How to complete this task
Return all the data verbatim but without images.

Data excerpts:
══════

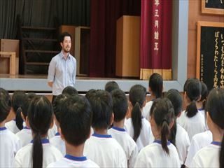 2学期から、新しいALT(外国語指導助手)の先生が高尾小に勤務します。イギリス出身のジョニー先生です。8月26日に着任式を行いました。子どもたちの感想は「マッシュー先生に似ている。」です。早速1・2年生と学習しました。前任者のマッシュー先生同様、子どもたちと仲良くなって、新見市や日本のよさをしっかり感じてほしいです。そして子どもたちには一層英語に親しみをもってほしいです。
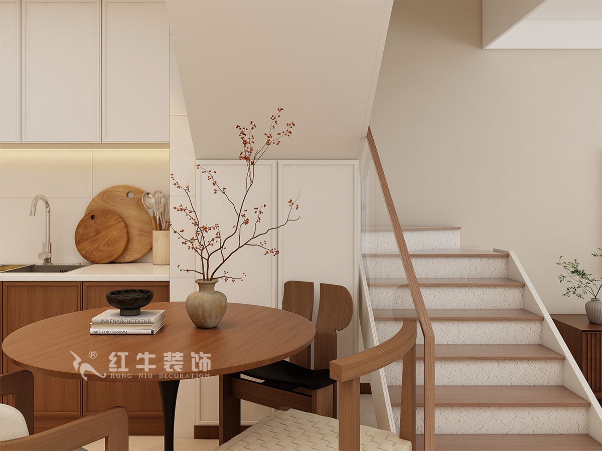 細(xì)節(jié)設(shè)計:樓梯扶手與層板采用胡桃木色,串聯(lián)上下空間;軟裝以棉麻布藝為主,輔以少量金屬元素(如黑鋼燈具)提升精致感。綠植點(diǎn)綴增添生機(jī),強(qiáng)化自然氛圍。
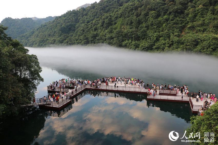 Photo taken on August 28, 2017 shows the beautiful scenery of Dongjiang Lake Scenic Area in Zixing City, Hunan province. It is a 5A scenic area in China, known for its mist at sunset and sunrise between the months of May and October. (Photo/People's Daily Online)
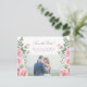 Elegantens romantiska foto av blommigten för rosa med bröllop spara datum-vykort som innehåller vackert ro med vattenfärg med grönt löv och löv. +++++++++ Enkel att anpassa med ditt foto och din text på båda sidor! ++++++++++ Lämpligt för trädgårdstema, blommigt, sommar- eller höstgård utomhus eller vid rumslig modern ladugård eller bröllop.
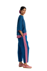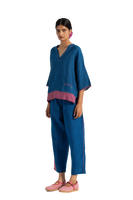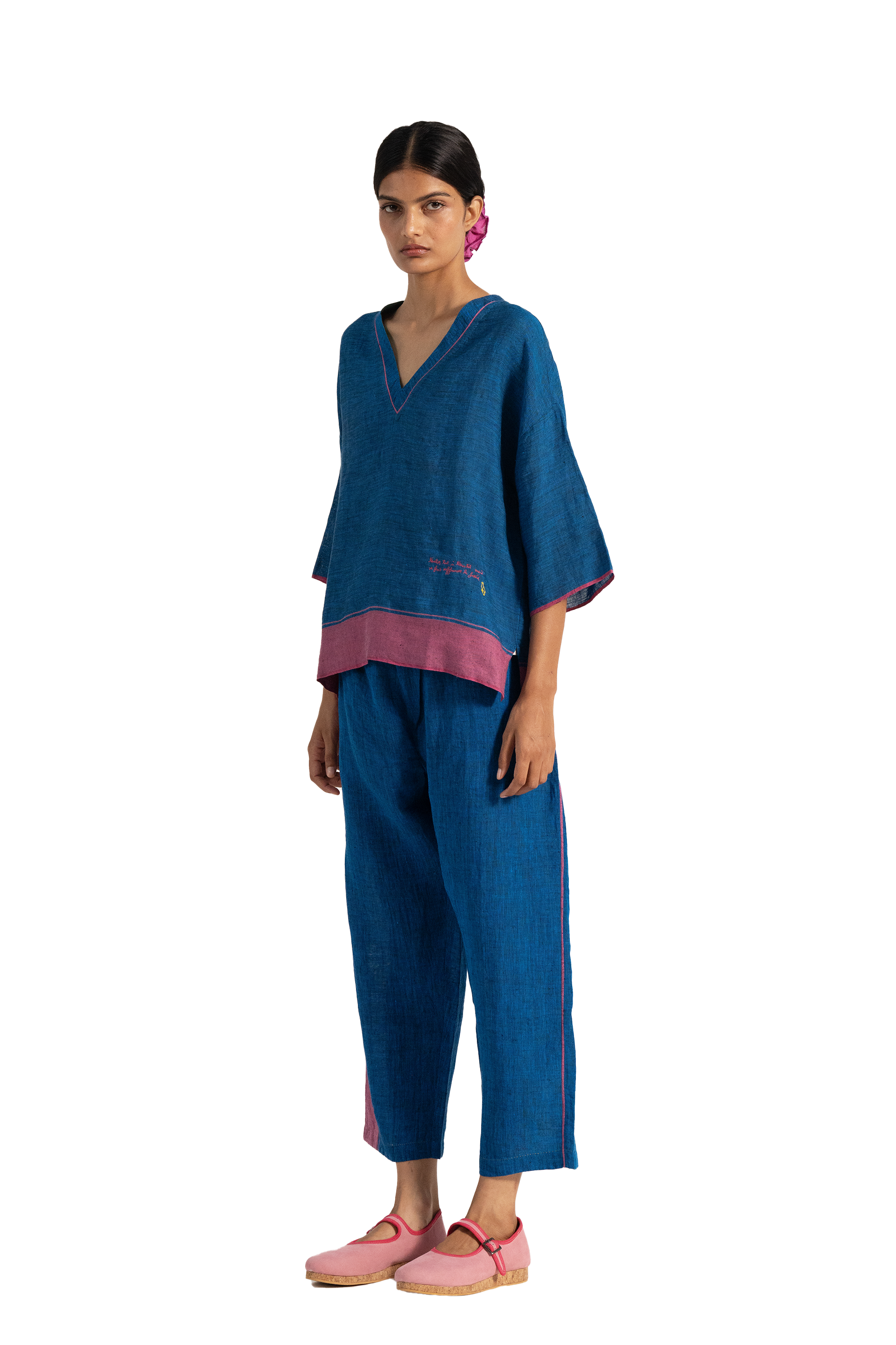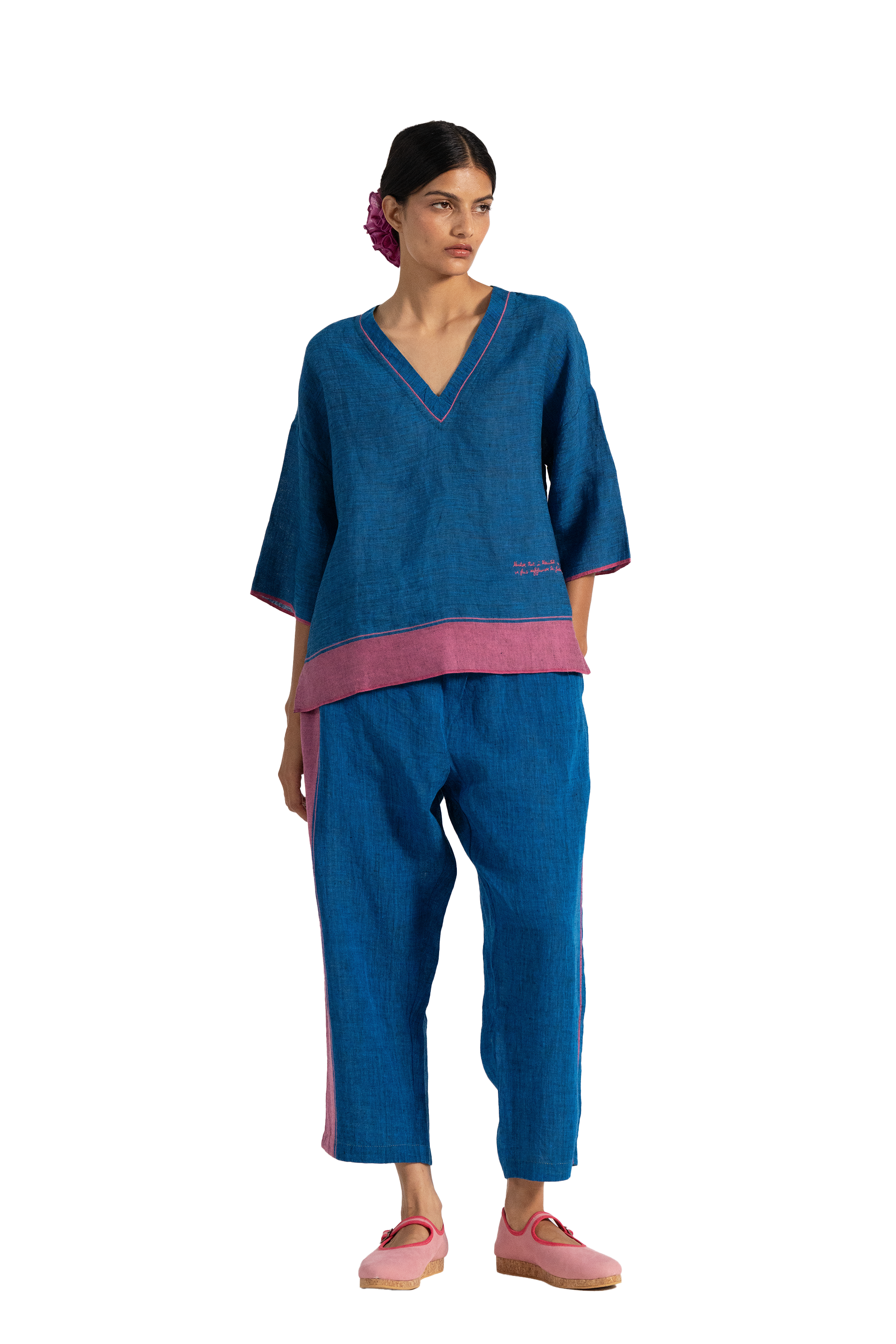 V-neck oversized top in 100% linen. With text-print embroidery on side.
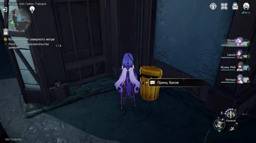 Поверните направо и сделайте несколько шагов, чтобы увидеть в углу здания Принца баков – взаимодействуйте с ним. Можете выбрать любой вариант ответа, так как вы в любом случае получите доказательство.

══════

Expected answer
 2学期から、新しいALT(外国語指導助手)の先生が高尾小に勤務します。イギリス出身のジョニー先生です。8月26日に着任式を行いました。子どもたちの感想は「マッシュー先生に似ている。」です。早速1・2年生と学習しました。前任者のマッシュー先生同様、子どもたちと仲良くなって、新見市や日本のよさをしっかり感じてほしいです。そして子どもたちには一層英語に親しみをもってほしいです。
 細(xì)節(jié)設(shè)計:樓梯扶手與層板采用胡桃木色,串聯(lián)上下空間;軟裝以棉麻布藝為主,輔以少量金屬元素(如黑鋼燈具)提升精致感。綠植點(diǎn)綴增添生機(jī),強(qiáng)化自然氛圍。
 Photo taken on August 28, 2017 shows the beautiful scenery of Dongjiang Lake Scenic Area in Zixing City, Hunan province. It is a 5A scenic area in China, known for its mist at sunset and sunrise between the months of May and October. (Photo/People's Daily Online)
 Elegantens romantiska foto av blommigten för rosa med bröllop spara datum-vykort som innehåller vackert ro med vattenfärg med grönt löv och löv. +++++++++ Enkel att anpassa med ditt foto och din text på båda sidor! ++++++++++ Lämpligt för trädgårdstema, blommigt, sommar- eller höstgård utomhus eller vid rumslig modern ladugård eller bröllop.
 V-neck oversized top in 100% linen. With text-print embroidery on side.
 Поверните направо и сделайте несколько шагов, чтобы увидеть в углу здания Принца баков – взаимодействуйте с ним. Можете выбрать любой вариант ответа, так как вы в любом случае получите доказательство.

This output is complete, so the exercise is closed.